"""
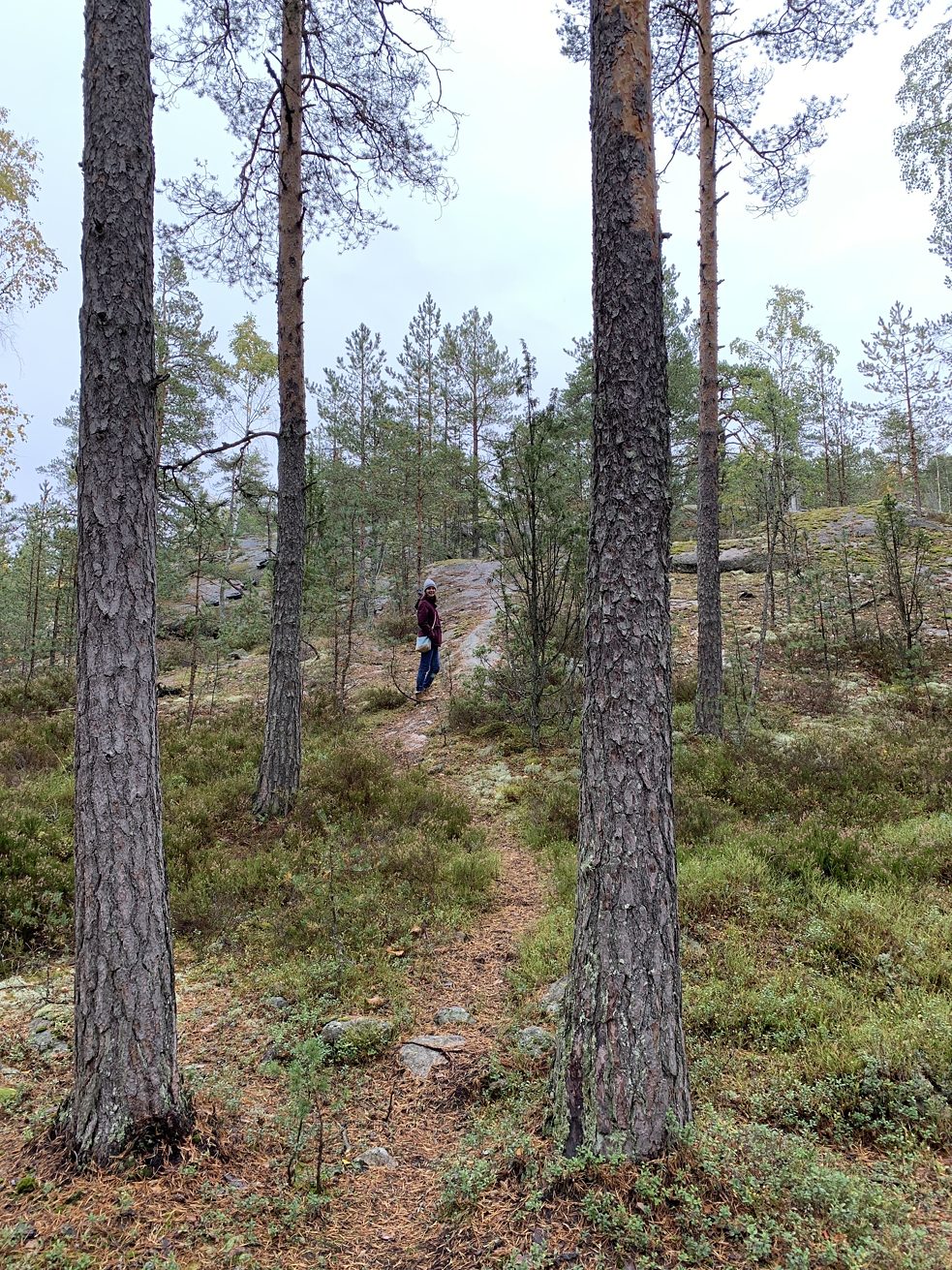 Heute habe ich den Nuukiso Nationalpark besucht. Dieser grenzt direkt an Espoo. Ich bin mit dem Auto hingefahren, er soll aber auch gut mit dem Bus zu erreichen sein. Als ich angekommen bin, hat es leider etwas genieselt. Im Park gibt es verschiedene Routen, sodass für jeden Geschmack etwas dabei ist. Manche sind nur kurz und eher für einen Spaziergang geeignet als zum Wandern, andere sind richtige Wanderrouten. Im Winter kann man dort auch Ski fahren und es gibt einen Weg der, laut der Informationen des Parks, sogar mit dem Kinderwagen oder mit dem Rollstuhl zu bewältigen ist.
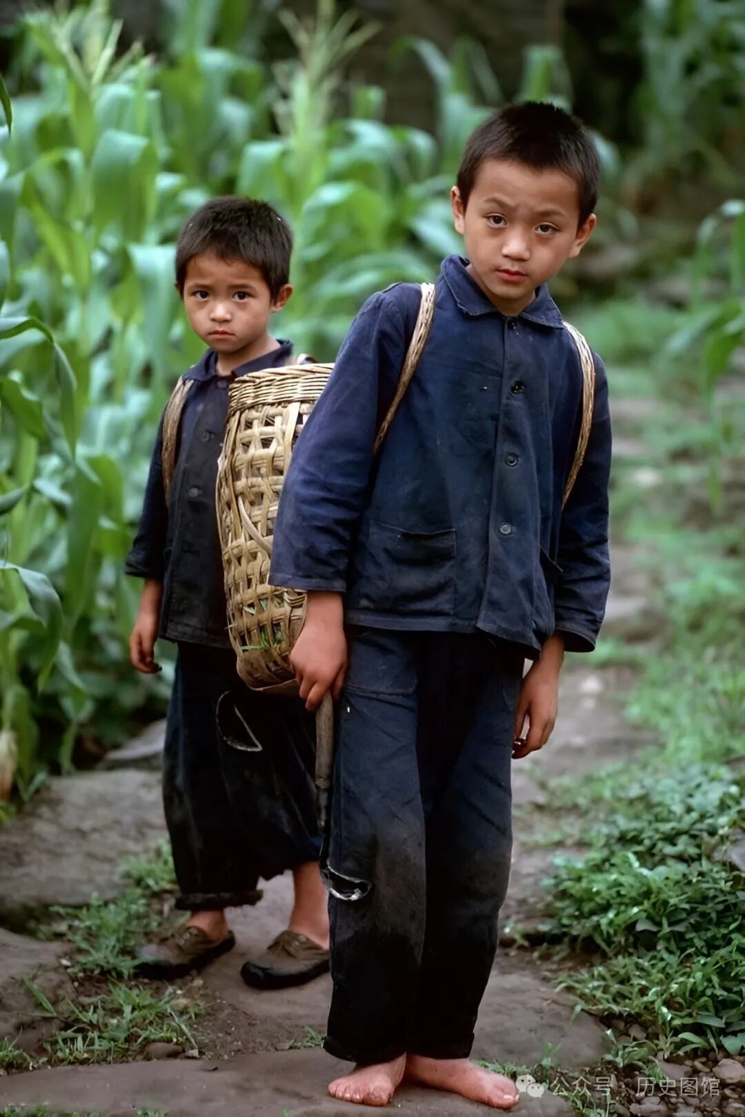 1981年,四川乐山乡下的一条小路上,两个小男孩背着竹篓,正准备去山上割草。他们衣着朴素,一人解放鞋,一人光着脚。两人手里都拿着一把镰刀。
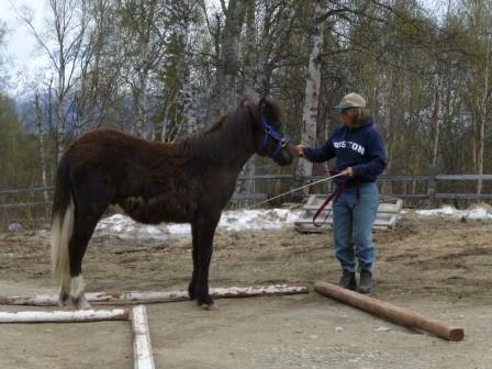 I first tried using a butt rope and tapping on his feet with a wand. No go. And Victoria repeatedly led Andi away from his friend. I then had an idea, which we acted upon. This was to toss a handful of carrots on the trailer floor. After a bit, Andi leapt in. I slammed the door shut behind him, opening it just a bit so Victoria could get out. Of course, this was the right thing to do-his lowering his head and eating the food activated his limbic system. Why more people don’t do this is beyond me. Plus we were going with the very real premise that Icelandic horses are food obsessed.
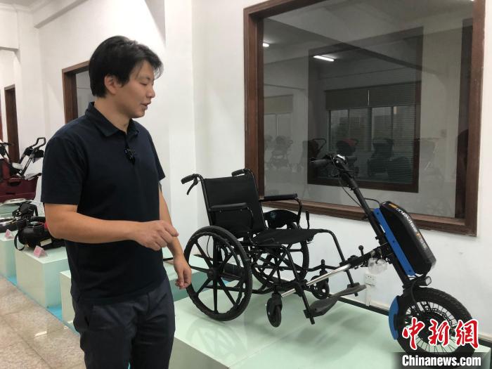 10月17日,臺灣青年楊博弘向記者介紹公司新產(chǎn)品電動輪椅車頭。中新社記者 孫秋霞 攝
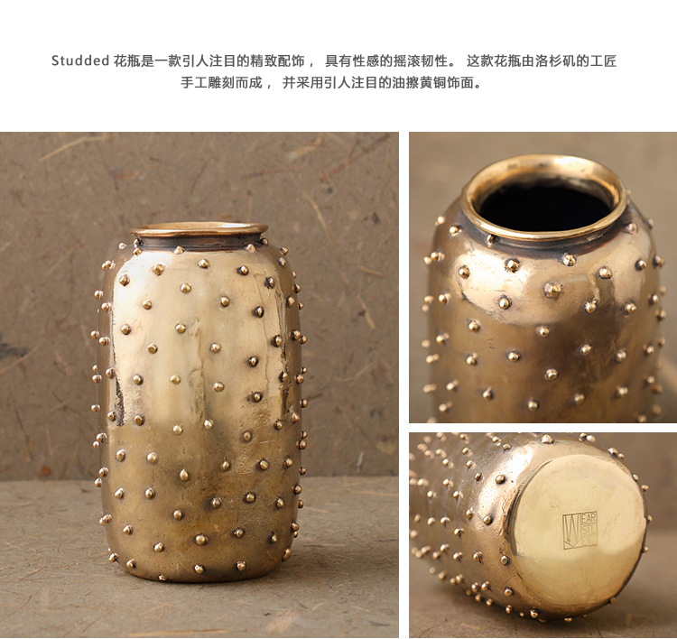 Studded花瓶是一款引人注目的精致配饰,具有性感的摇滚韧性。 这款花瓶由洛杉矶的工匠手工雕刻而成,并采用引人注目的油擦黄铜饰面。
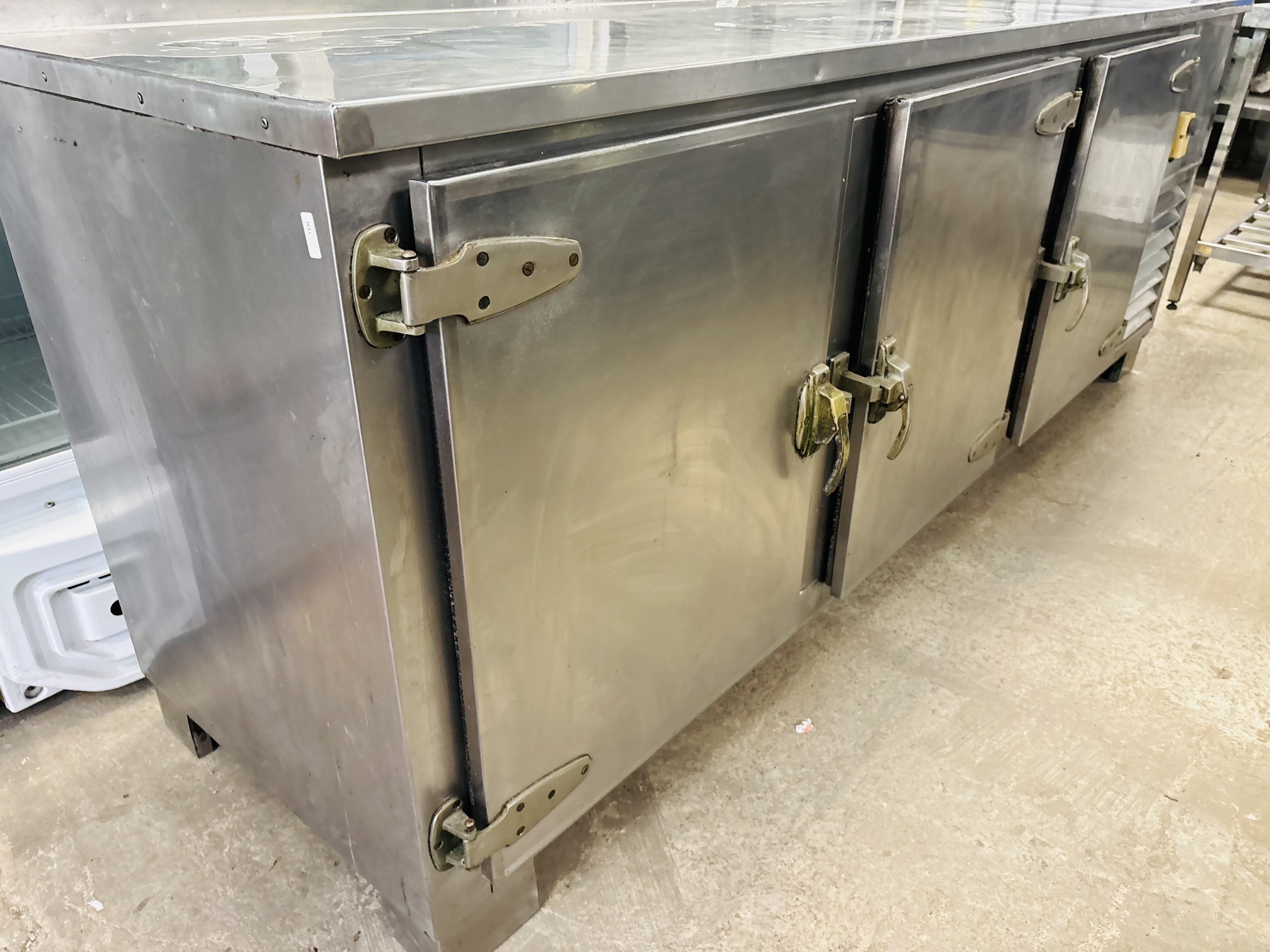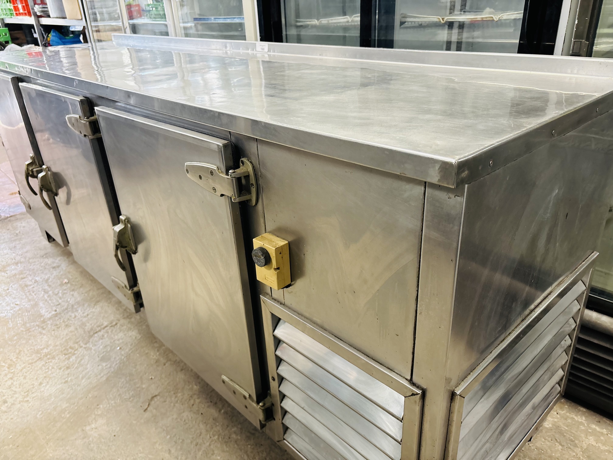 Lote #160 – Bajo mostrador en Ac/Inox refrigerado de 3 puertas – 238x66x90cm
"""
Task directions
Write out an exact copy of the lines beginning at the line that contains "I first tried" and ending at the last line of the listing. Exclude pictures.

Result of the task
 I first tried using a butt rope and tapping on his feet with a wand. No go. And Victoria repeatedly led Andi away from his friend. I then had an idea, which we acted upon. This was to toss a handful of carrots on the trailer floor. After a bit, Andi leapt in. I slammed the door shut behind him, opening it just a bit so Victoria could get out. Of course, this was the right thing to do-his lowering his head and eating the food activated his limbic system. Why more people don’t do this is beyond me. Plus we were going with the very real premise that Icelandic horses are food obsessed.
 10月17日,臺灣青年楊博弘向記者介紹公司新產(chǎn)品電動輪椅車頭。中新社記者 孫秋霞 攝
 Studded花瓶是一款引人注目的精致配饰,具有性感的摇滚韧性。 这款花瓶由洛杉矶的工匠手工雕刻而成,并采用引人注目的油擦黄铜饰面。
 Lote #160 – Bajo mostrador en Ac/Inox refrigerado de 3 puertas – 238x66x90cm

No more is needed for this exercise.